They have to think that way, and even if it doesn’t happen, there’s benefit in playing hard to the end. The Lions have a rookie coach who got off to a horrible start, and his hard-driving ways didn’t immediately connect with players accustomed to Jim Caldwell’s low-key manner. If Patricia – and GM Bob Quinn – are to gain anything from this season, credibility is paramount.

Stir more doubts

You finish 5-11 after Caldwell’s back-to-back 9-7 marks, you stir more doubts, inside and outside the locker room. Sure, you’d get higher picks, but the Lions already are outside the top five, which is where the game-changing players are plucked.

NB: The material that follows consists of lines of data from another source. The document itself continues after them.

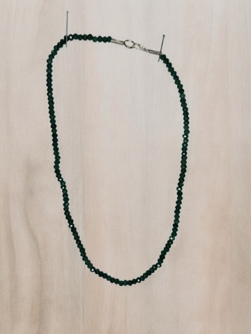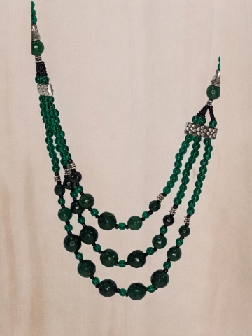 Carved natural stone necklace. Stone: Emerald. Approximate measurement: 40 cm.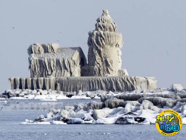 一座位于美国俄亥俄州克利夫兰港的灯塔在严寒和海水波浪的浇灌下,外面完全被冰层所覆盖,从远处望去,仿佛一座冰雪雕刻的中世纪古堡。
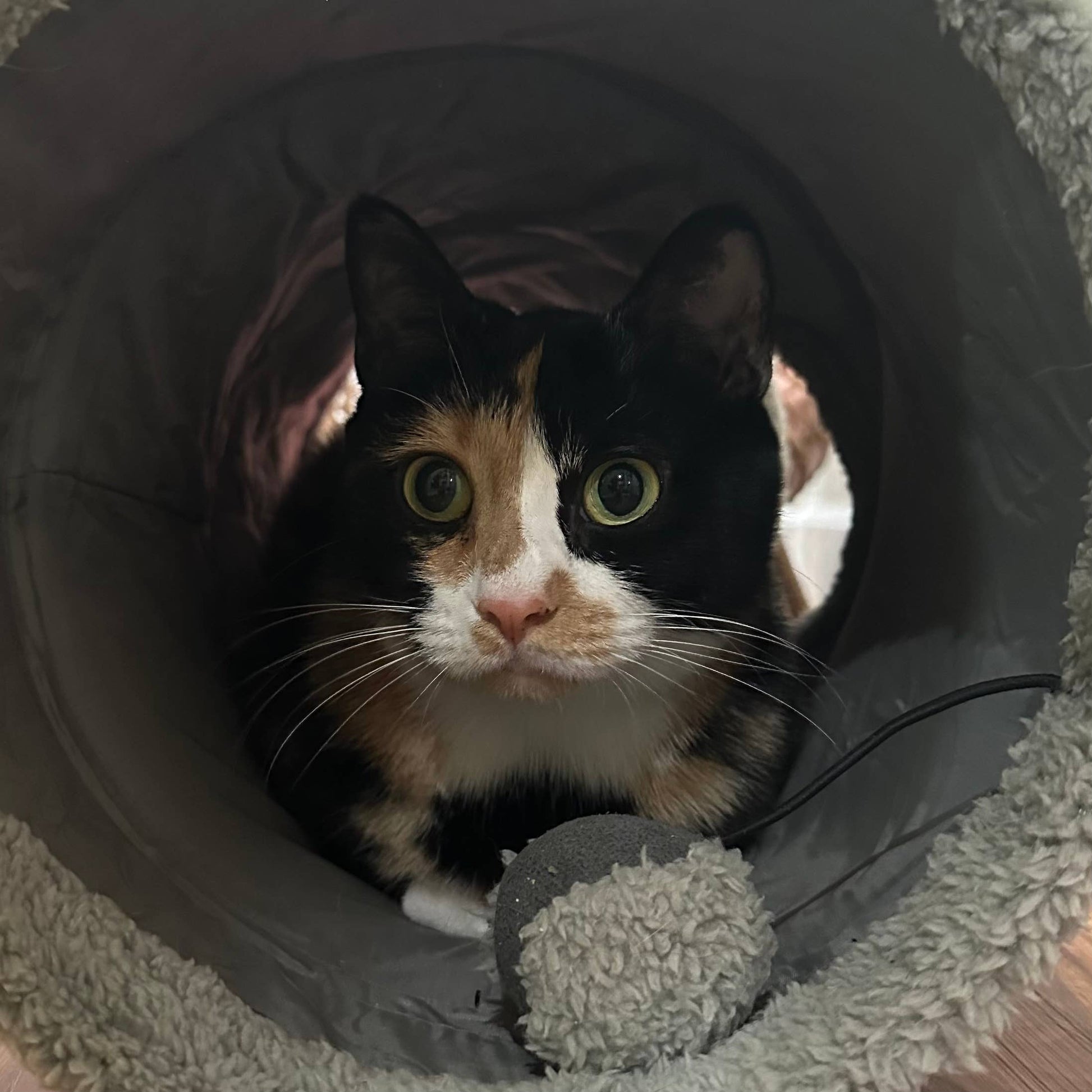 3 years ago, Lollie came to us as an owner surrender. Her human mother was fleeing a domestic violence situation and needed a safe place for Lollie as she was heading across the country to her family in Oregon. Lollie bonded so well with all the other rescue cats and kittens that we decided to keep her as a permanent resident (as well as her BFF Maria). She is the sweetest cat in the world and helps us raise all the orphan kittens that come through our doors.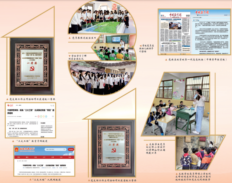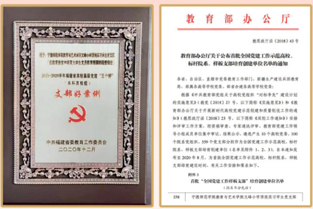 全国党建工作样板支部教育与艺术学院文峰小学顶岗实习学生党支部通过顶岗支教形式,将党支部建在贫困村上,走出了一条抓党建促乡村教育扶贫的新路子。文峰小学顶岗实习学生党支部党建案例入选“福建省新时代党建品牌、优秀案例”,党支部工作立项活动项目获省级一、二等奖。
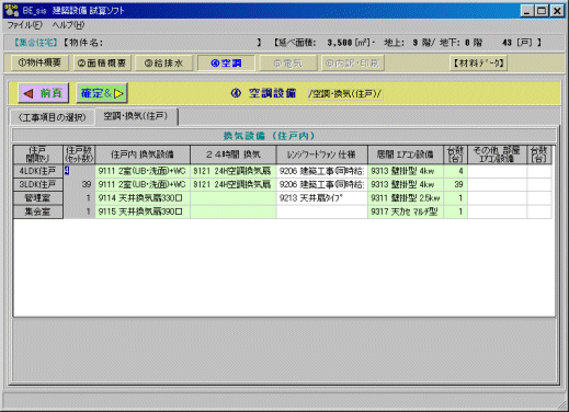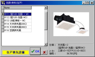 このページでは、各住戸内の換気設備の種類を決めます。 選択の仕方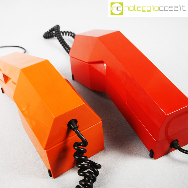 Auso Siemens, telefono Rialto rosso e arancione, Design Group Italia, 1979, cm 7×22,5 – h 11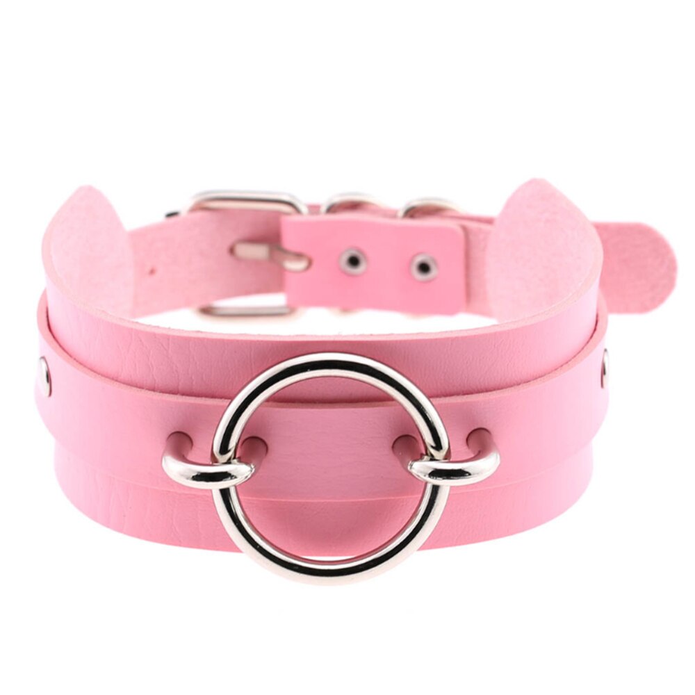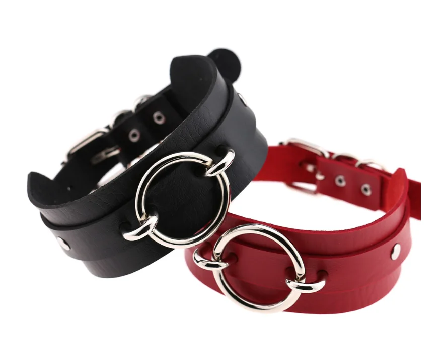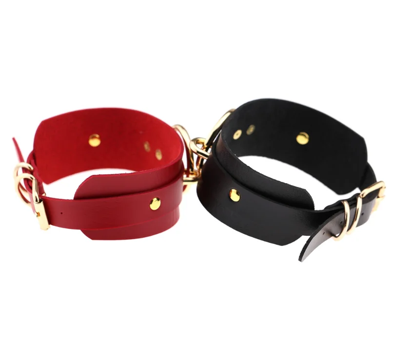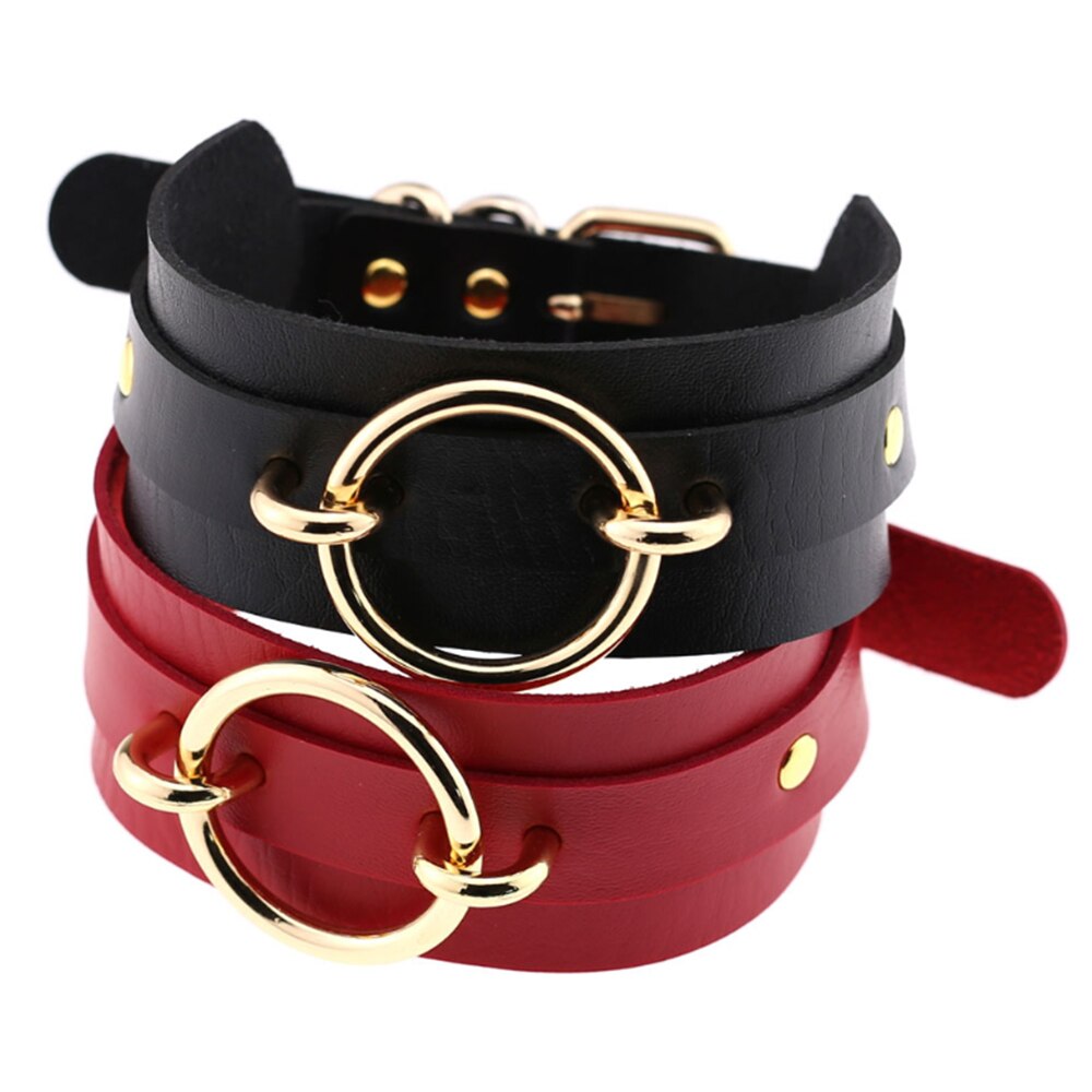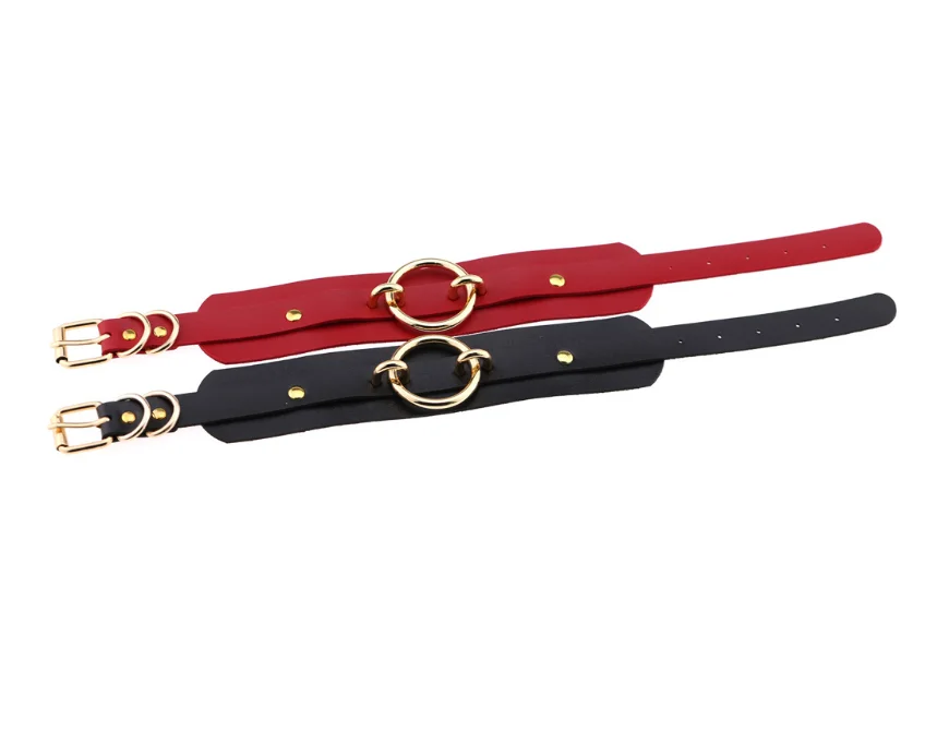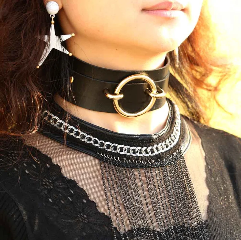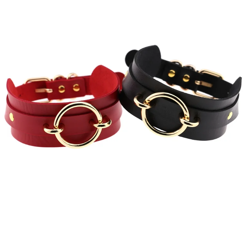 Personality BDSM punk brother character sense men and women round double leather collar neck strap neck set necklace

And I’m sorry, losing more games to improve the chances of not making a draft gaffe doesn’t inspire a lot of confidence in a young management group that ostensibly harbored playoff aspirations.

Quinn already bought some leeway by trading Golden Tate for a third-round pick, so he’s not averse to forward-thinking. But that was a business move based on Tate’s expiring contract. Any other business move now would look bad.

Sit Matthew Stafford with a sore back? How do you think that would resonate in a locker room where players are fighting for jobs and risking injury too? And it’s not like the Lions need to look at backup Matt Cassel.

Rookie Kerryon Johnson hasn’t practiced in a month with a knee injury, so keeping him out makes sense. But other key pieces, especially on that improving defense, need time together in Patricia’s new scheme.

Since tackle Damon “Snacks” Harrison Sr. was acquired Oct. 25 from the Giants for a fifth-round pick -- one of Quinn’s best deals -- the run defense has gotten legitimately staunch, third in the league the past five games. Jarrad Davis, A’Shawn Robinson, Romeo Okwara, Darius Slay and Quandre Diggs have played better as they’ve gotten more comfortable in the system.

There hasn’t been much growth on offense, and Stafford has regressed in Jim Bob Cooter’s outdated system. But the defense, coordinated by Paul Pasqualoni, has gotten tougher, now ranked 12th in the NFL.

“We knew we’d have a little bit of a learning curve, and it was trial by fire the first few weeks,” Davis said. “Everything is on the up and up right now.”

Change the culture

Part of Patricia’s charge is to change the culture of the league’s ultimate treadmill team – the Lions are 62-63 since 2011. Part of Quinn’s charge is to upgrade the talent to help change the culture, but tearing down and tanking was never part of the plan.

For fans, it sounds fanciful.

For players, it sounds borderline offensive.

“If you’re gonna tank in something, you tank in basketball or baseball, where it’s not physical,” Glover Quin said. “You go out on a football field, you’re gonna get yourself hurt, so you better come ready to play. Anytime you got an opportunity to play, you learn a lot, you get more comfortable with teammates, it just builds the relationships and the rapport.”

The overwhelming odds are, the Lions won’t make the playoffs and also won’t get a top-five pick. The painful odds are, we’ll resume this tedious old debate next season.